What the task requires:
From the first line to the last, output the records exactly and drop any images.

Data for review START

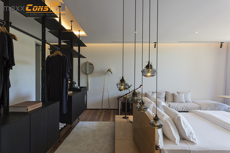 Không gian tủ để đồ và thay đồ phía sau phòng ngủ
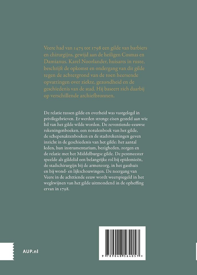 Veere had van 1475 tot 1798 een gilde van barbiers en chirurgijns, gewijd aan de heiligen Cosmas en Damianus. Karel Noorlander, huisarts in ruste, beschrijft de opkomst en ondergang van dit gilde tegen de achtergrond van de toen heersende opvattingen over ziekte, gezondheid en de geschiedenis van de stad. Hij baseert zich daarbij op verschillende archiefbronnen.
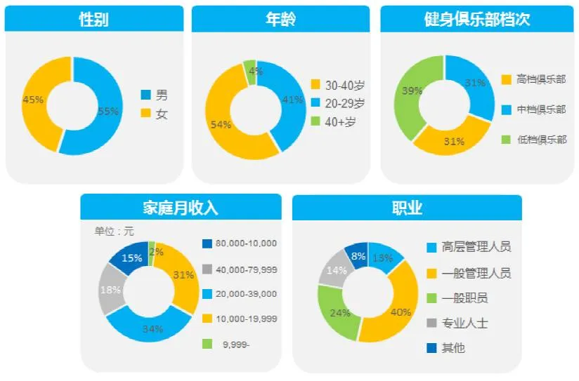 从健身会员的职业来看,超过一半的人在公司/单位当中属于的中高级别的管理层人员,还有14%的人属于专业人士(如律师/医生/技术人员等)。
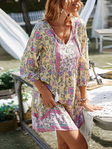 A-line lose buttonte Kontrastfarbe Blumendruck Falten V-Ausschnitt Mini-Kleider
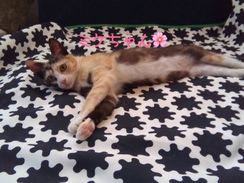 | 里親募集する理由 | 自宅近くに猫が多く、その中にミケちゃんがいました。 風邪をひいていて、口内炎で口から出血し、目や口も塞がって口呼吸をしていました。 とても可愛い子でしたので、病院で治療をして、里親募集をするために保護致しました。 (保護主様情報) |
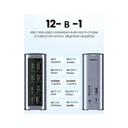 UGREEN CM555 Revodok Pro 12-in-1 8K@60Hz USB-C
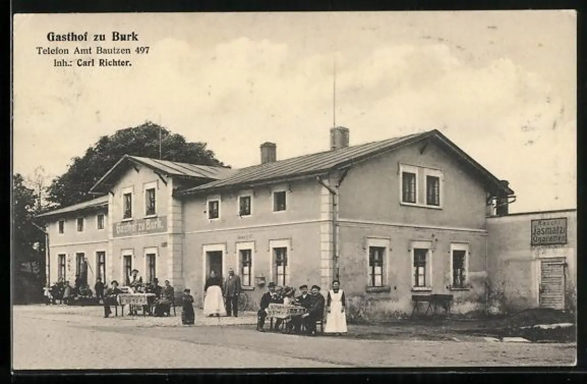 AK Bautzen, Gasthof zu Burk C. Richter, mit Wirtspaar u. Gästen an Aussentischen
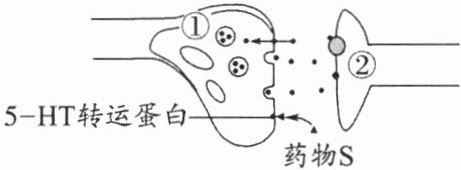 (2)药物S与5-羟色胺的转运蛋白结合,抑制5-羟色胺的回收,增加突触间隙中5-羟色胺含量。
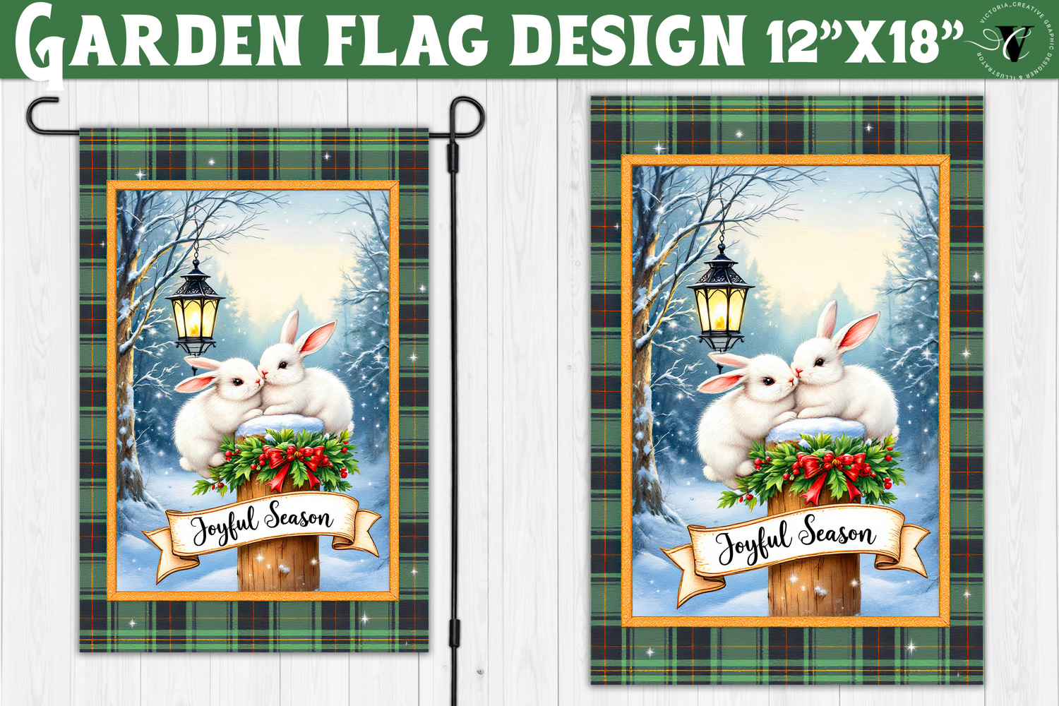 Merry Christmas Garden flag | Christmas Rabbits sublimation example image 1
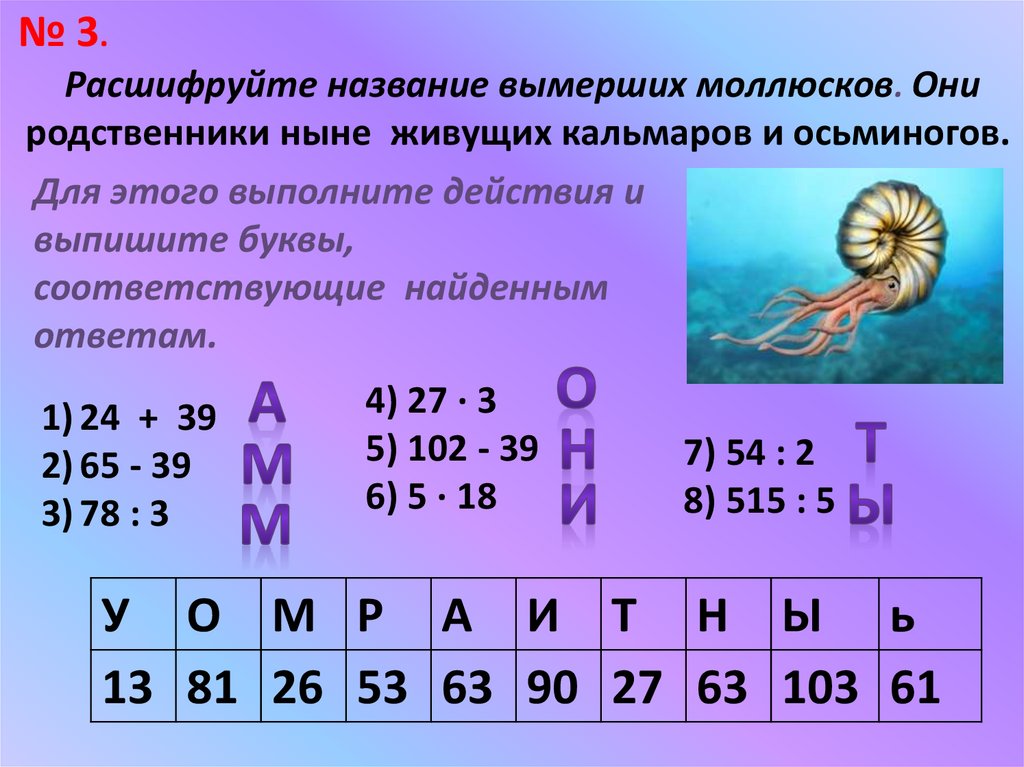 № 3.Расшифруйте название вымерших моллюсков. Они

Data for review END

Solved problem:
 Không gian tủ để đồ và thay đồ phía sau phòng ngủ
 Veere had van 1475 tot 1798 een gilde van barbiers en chirurgijns, gewijd aan de heiligen Cosmas en Damianus. Karel Noorlander, huisarts in ruste, beschrijft de opkomst en ondergang van dit gilde tegen de achtergrond van de toen heersende opvattingen over ziekte, gezondheid en de geschiedenis van de stad. Hij baseert zich daarbij op verschillende archiefbronnen.
 从健身会员的职业来看,超过一半的人在公司/单位当中属于的中高级别的管理层人员,还有14%的人属于专业人士(如律师/医生/技术人员等)。
 A-line lose buttonte Kontrastfarbe Blumendruck Falten V-Ausschnitt Mini-Kleider
 | 里親募集する理由 | 自宅近くに猫が多く、その中にミケちゃんがいました。 風邪をひいていて、口内炎で口から出血し、目や口も塞がって口呼吸をしていました。 とても可愛い子でしたので、病院で治療をして、里親募集をするために保護致しました。 (保護主様情報) |
 UGREEN CM555 Revodok Pro 12-in-1 8K@60Hz USB-C
 AK Bautzen, Gasthof zu Burk C. Richter, mit Wirtspaar u. Gästen an Aussentischen
 (2)药物S与5-羟色胺的转运蛋白结合,抑制5-羟色胺的回收,增加突触间隙中5-羟色胺含量。
 Merry Christmas Garden flag | Christmas Rabbits sublimation example image 1
 № 3.Расшифруйте название вымерших моллюсков. Они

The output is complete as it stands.